Subscribe to the newsletter!

When do you need a data warehouse?

The transformations to mold the data from an application in a form that is better suited for data analysis is done in a datawarehouse.

Data comes to fruition when an employee puts the data that is generated by a process in an application, and the data finds its way to the underlying database. But these databases are not well suited to use for data analysis.

Relational model

These databases usually have a relational data model. This type of model was invented to process bank transactions. It is very good in processing large amounts of transactions, but not in generating insights in the data. There are different reasons why this is the case.

Challenges of the relation model

Tables in a relational model can take different roles. A table 'relations' can contain suppliers as well as clients.
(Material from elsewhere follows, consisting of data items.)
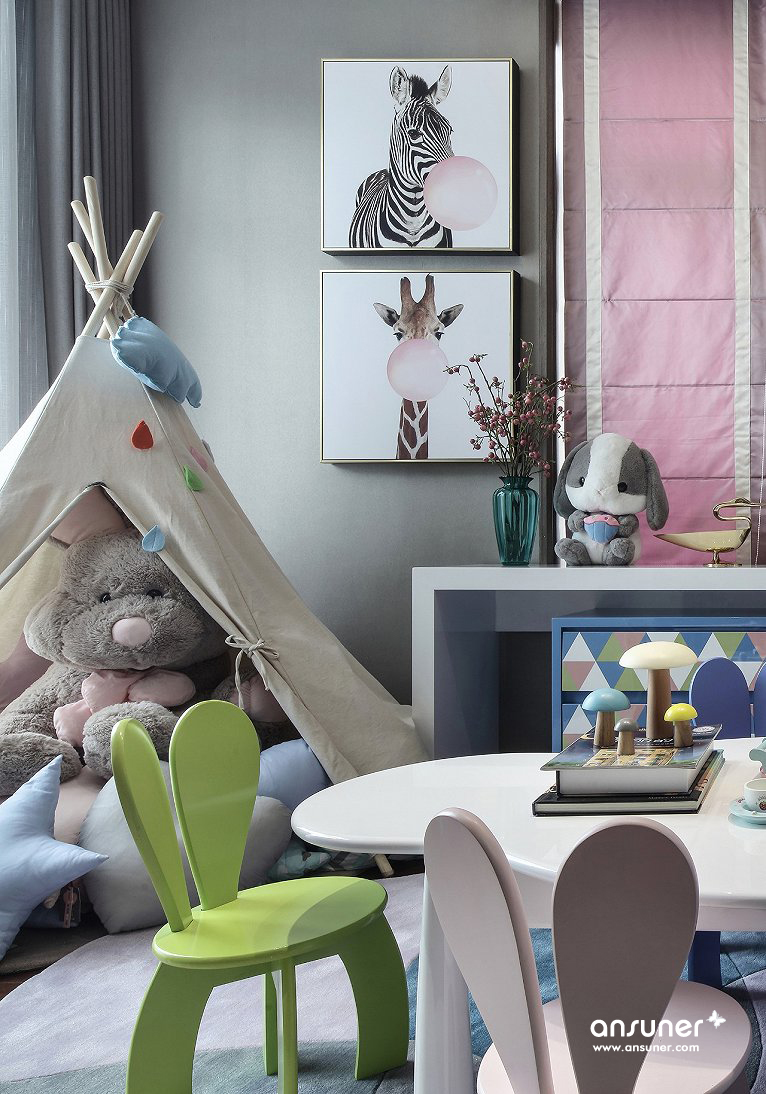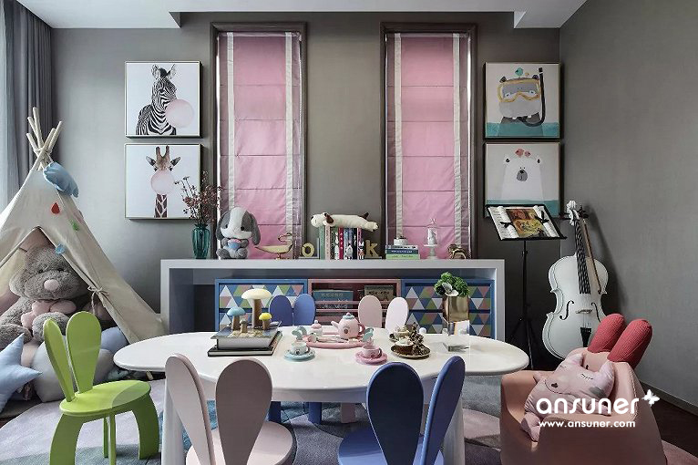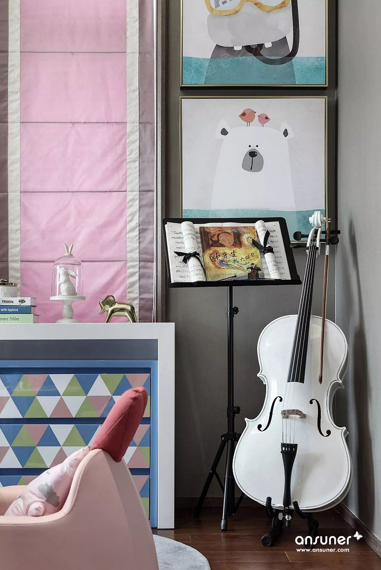 安博anbo(中国)专门打造了一个亲子娱乐空间,解决了许多家庭困扰不已的问题,有了这个功能独特的独立小空间,孩子乱丢玩具或者扰乱家庭陈设秩序的情况大大减少。设计不仅注重“童趣”,也添加了艺术氛围的营造,以音乐、小提琴为主题,辅以画画、阅读、游戏功能,整个空间充盈着甜蜜欢快的调调。
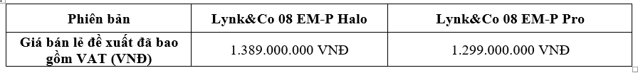 Mức giá bán lẻ đề xuất đã bao gồm VAT cho Lynk & Co 08 EM-P như sau:
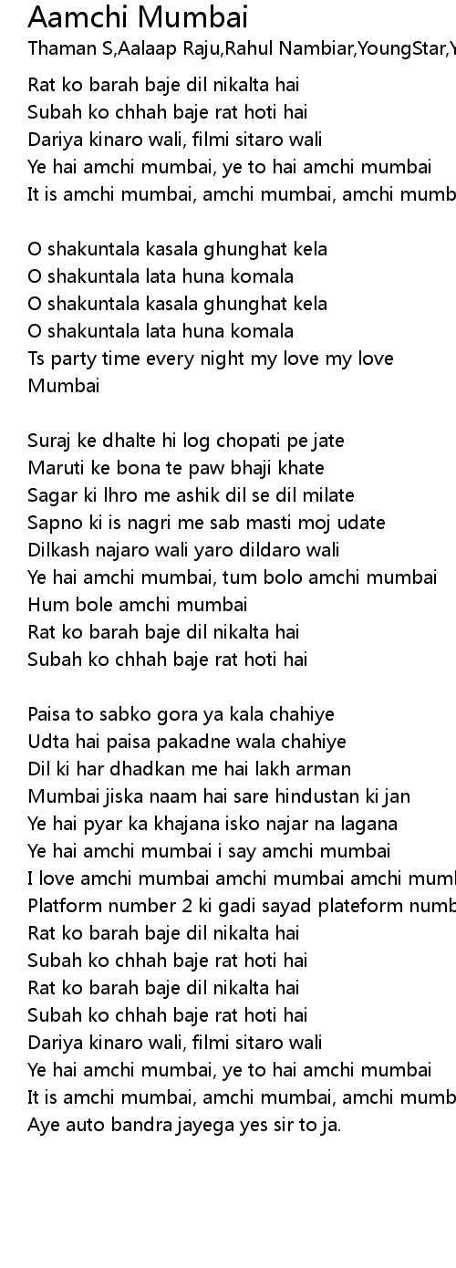 It is amchi mumbai, amchi mumbai, amchi mumbai |
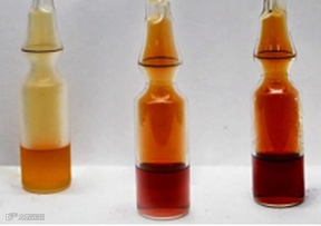 图2:红棕色的二氧化氮与四氧化二氮(N2O4)在0°C、> 23°C、>35°C的温度条件下达到平衡。
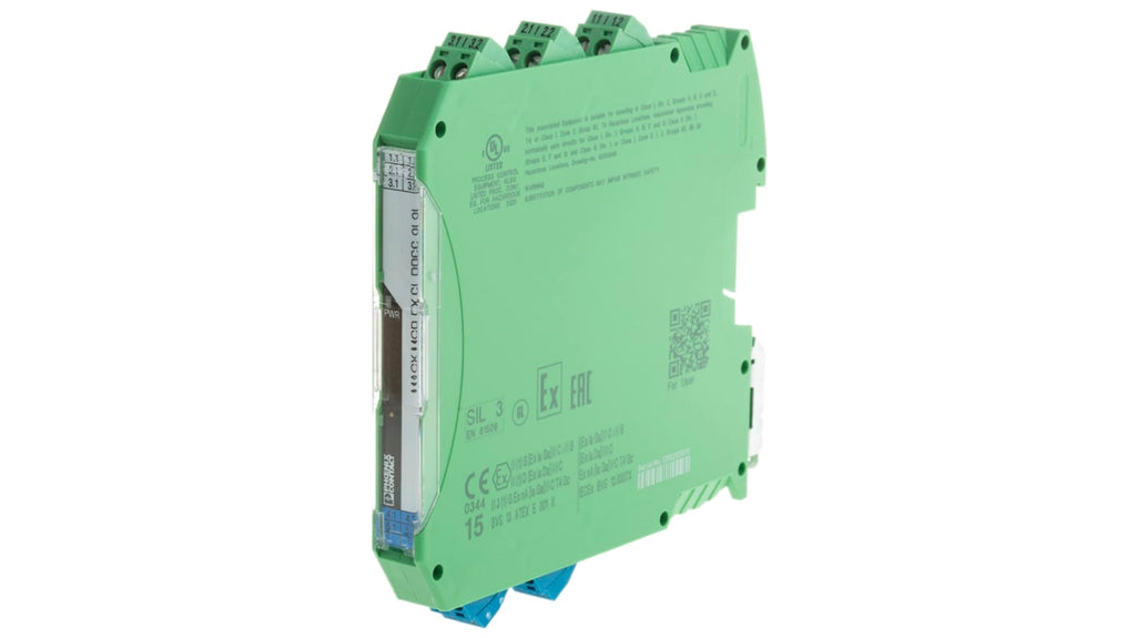 Barriera galvanica per segnali di alimentazione, 2 canali, 24V cc. Isolamento elettrico a 3 vie, grado di protezione IP20, larghezza 12,5 mm. Temperatura operativa da -20 a +60 gradi Celsius. Corrente massima 20 mA, tensione massima 125 V cc, 253 V ca. Interfaccia HART, errore di trasmissione inferiore allo 0,05%. Materiale contenitore in poliammide, resistenza elevata. Codice costruttore 2865382.
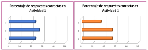 Figura 1. Gráficas del análisis de la información de la actividad 1 del grupo A (color azul) y del grupo B (color naranja)

But in our analysis we want to know for example how profitable a certain group of clients is, so we need to split up this table.
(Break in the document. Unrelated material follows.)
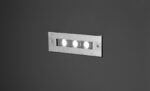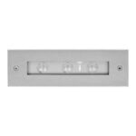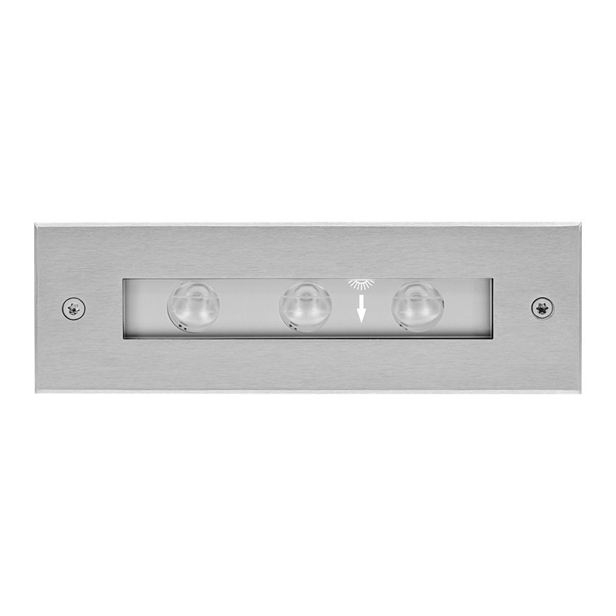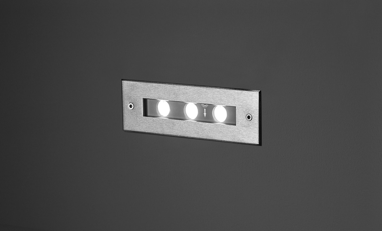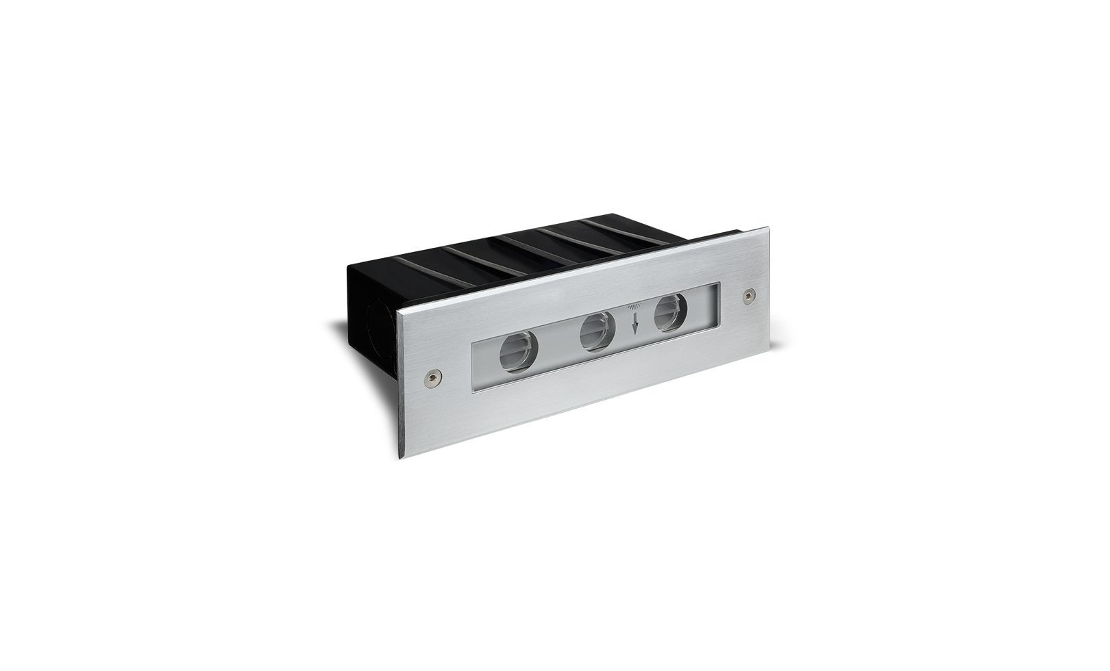 Recessed linear steplight for outdoor installation in the wall, asymmetrical light distribution, phospho-chromatised and polyester powder coated die-cast aluminium body, stainless steel frame, tempered clear glass, polypropilene housing for recess, moulded silicone gasket and stainless steel screws. Built-in LED driver 220-240V 50-60Hz, with 3 high-power OSRAM LED. IP65 rating.

The evolution in time between the different measuring points in a process can bring a lot of insight, but the application may not always store these historical data points because they are not needed to go through the process. 
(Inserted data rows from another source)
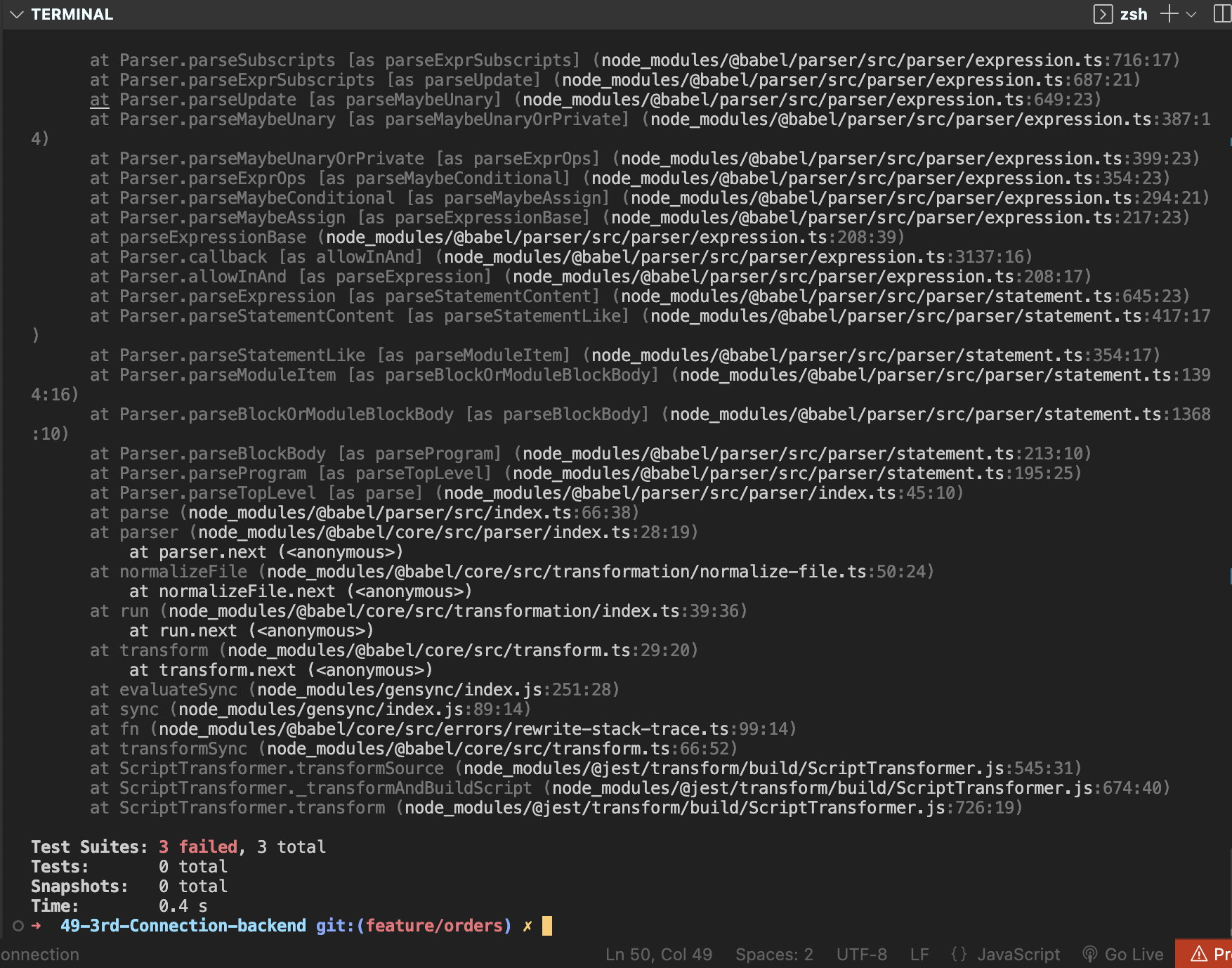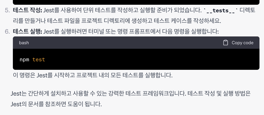 - test code 실행을 위해서는, npm test --> 에러가 안 날 때까지 하는 거
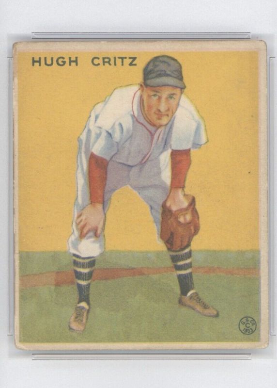 Hugh Critz's Baseball cards are available in at least 2 sets. Hugh Critz's biggest 7-day price movers are 1933 Goudey #238 Base, 1933 Goudey #3 Base, and 1934 Goudey #17 Base.
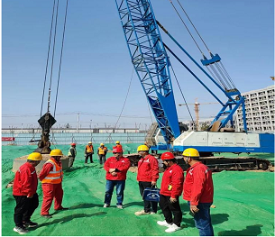 2月26日,第三分公司中德產(chǎn)業(yè)園指揮部組織試夯施工。在試夯過程中,發(fā)現(xiàn)難以拔錘且達(dá)不到停錘標(biāo)準(zhǔn)。分公司領(lǐng)導(dǎo)高度重視,邀請公司總工程師、工程技術(shù)應(yīng)用研究員周廣泉總到現(xiàn)場指導(dǎo)工作。周總現(xiàn)場了解情況后,便與總包單位溝通后期基礎(chǔ)形式以及回填情況,最終方案定為在原地表上回填1m素填土作為起夯面,再進(jìn)行強(qiáng)夯施工。通過此方案進(jìn)行試夯,有效解決了拔錘困難問題,可正常施工,得到總包單位的高度認(rèn)可。

It can very well be that you use different applications to help your customer. For example, one to make orders and another one to send invoices. This order-to-cash (OTC) is an important process to track, but to make this analysis possible you have to combine data from one application with data from another.

Some of these things you could solve in the code of your data analysis or in the front end of your data visualization tool, but this brings certain risks with regard to maintainability and scalability. Moreover, the more complex challenges, that bright the most value for the business, don't belong in these tools. That's why often an extra step is added where the necessary transformations can be handled to efficiently and correctly analyze and visualize the data.

Dimensional model

The transformation to go from a relational model in an application database to a model that is better suited for analysis is done in a data warehouse (DWH). The data model that is used here is a dimensional model or a data vault model.

Properties of a data warehouse

A data warehouse contains data about a certain subject relevant to the business (subject-oriented). It integrates data from different sources (integration) and keeps track of historical data (time-variant). As soon as data is written to the datawarehouse, the data can no longer be changed (nonvolatile). By facilitating data analysis and visualization the data warehouse supports the decision making process in an organization.

Here to stay

Despite the many innovations and developments in the field of data analysis, the need to harmonize and integrate data coming from different applications within a specific context - and thus the datawarehouse - will remain important for a while.

Disclaimer

We are aware of the importance to capture and use unstructured data and network data that is stored in data lakes and that is best represented by NOSQL and Graph databases. For the sake of simplicity we make abstraction of this type of data for now. Let's get our small data in order first, before taking on our big data.